[Debian-science-sagemath] pari-sage or pari ?

Ximin Luo infinity0 at debian.org
Fri Aug 26 11:19:00 UTC 2016


jdemeyer at cage.ugent.be:
>> As a concrete example: you *do* have control over what code Sage accepts. So, as I suggested below, you can delay accepting certain patches into Sage, until upstream patches are applied - especially minor ones (3 lines) that have a major outside effect (~15 failed tests in Sage) - and encourage or require Sage contributors to first upstream their patches. Or, you write your code against the current bad upstream API, and add a TODO and a description of how to change it to use the good one, when your patch finally gets accepted.
> 
> That means releasing software with bugs for which there are known fixes, or with less features just because of upstream. Now *that* is not acceptabele fort me. So it's just a matter of priorities: my priority is making the best software.
> 

This is highly subjective, and this is the cost of interoperation.

We believe it's better to release software with minor bugs or less features, to make it easier to interoperate as a connected community of FOSS developers.

If it's a major bug, for sure we'll patch it.

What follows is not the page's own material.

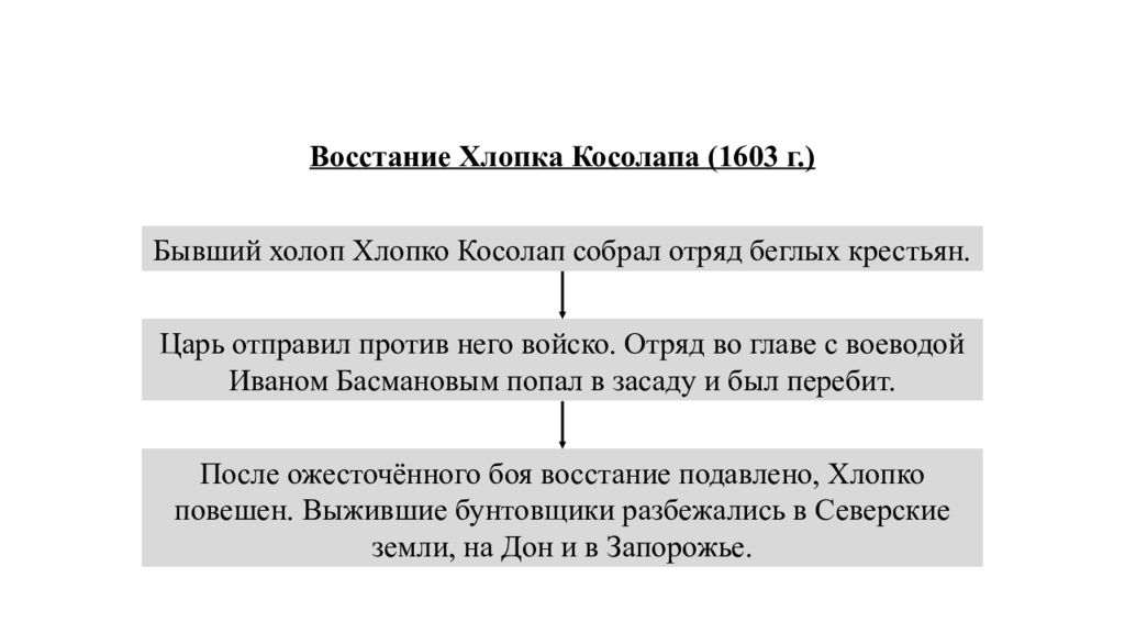Восстание Хлопка Косолапа (1603 г.) Бывший холоп Хлопко Косолап собрал отряд беглых крестьян. Обострение кризиса После ожесточённого боя восстание подавлено, Хлопко повешен. Выжившие бунтовщики разбежались в Северские земли, на Дон и в Запорожье. Царь отправил против него войско. Отряд во главе с воеводой Иваном Басмановым попал в засаду и был перебит.
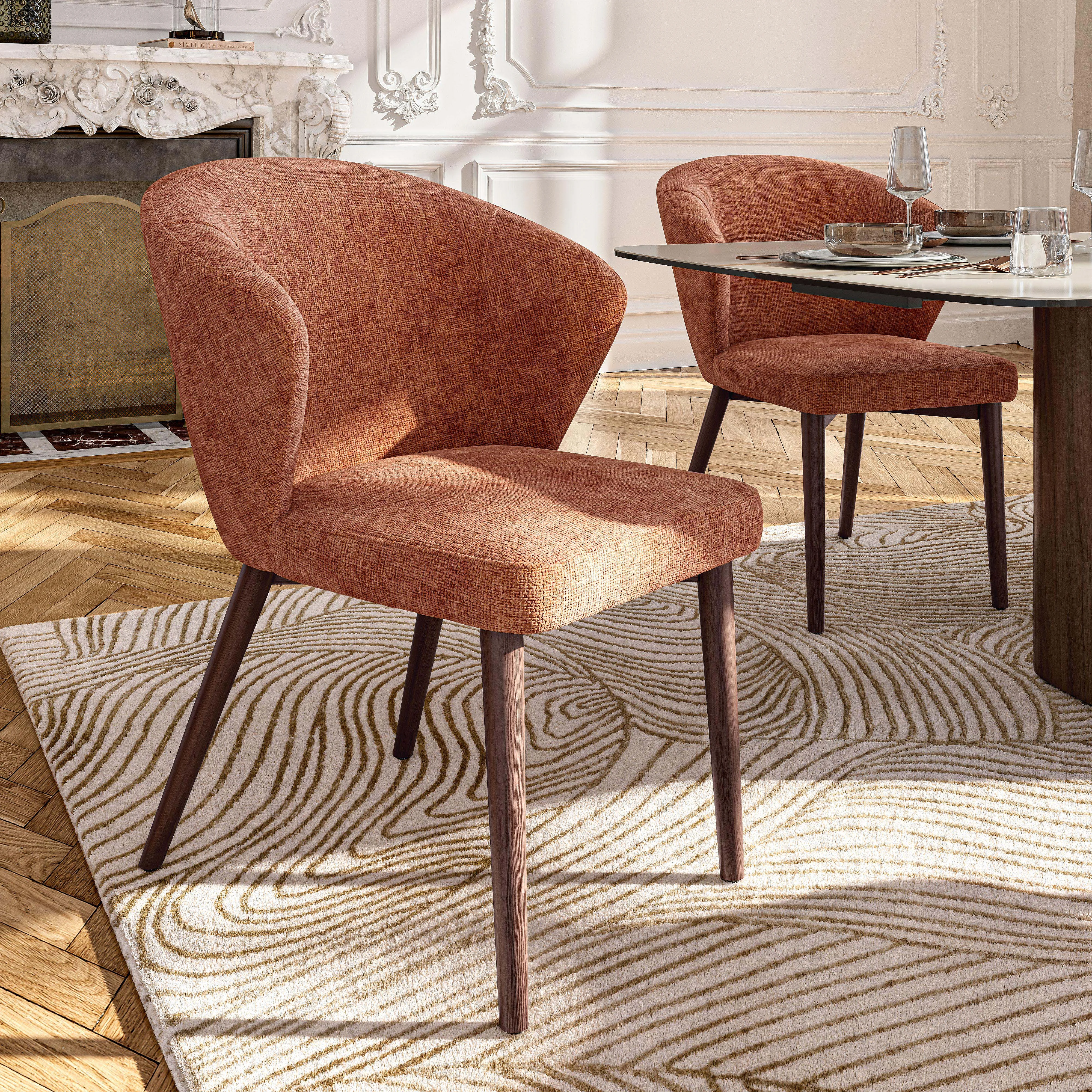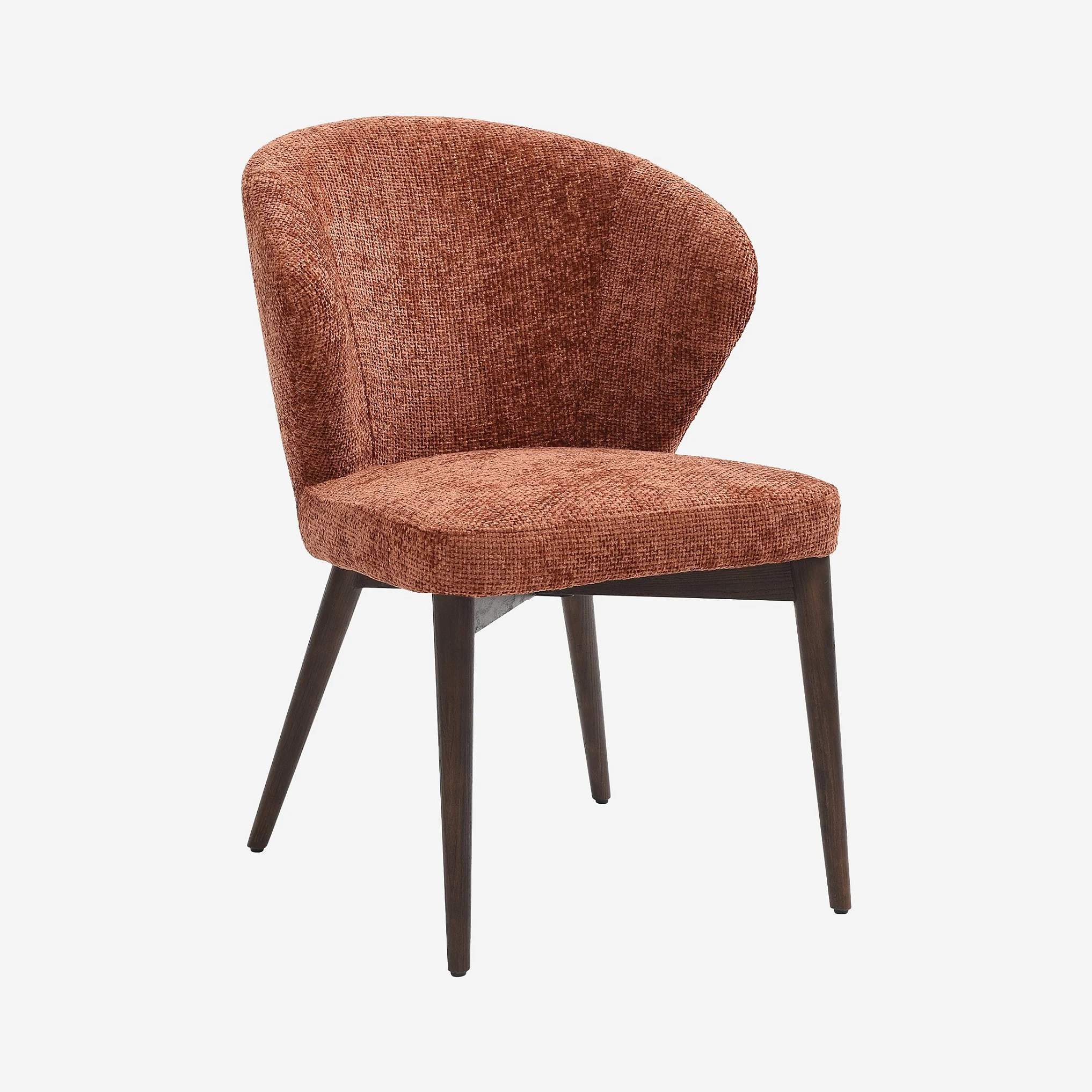 Set di 2 sedie in tessuto chenille e legno massiccio color noce - Terracotta

But many patches in Sage that I've seen, are not "major" or "urgent fixes", but minor things made just so Sage developers can use a slightly simpler API. This causes more pain for everyone else, even if it makes your lives slightly easier.

Because the point is subjective, let's not waste time discussing it further in a vague abstract way.

To make a more "objective" argument, I will have to go through `find build/pkgs/*/patches -type f | less` and discuss every single patch in turn, which I don't have the time for now. It's just a general background feeling I get from packaging Sage.

I acknowledge that I could be biased, because I only see the patches that break things for Debian. Possibly there are 10x more patches that you did more carefully, Sage is big after all.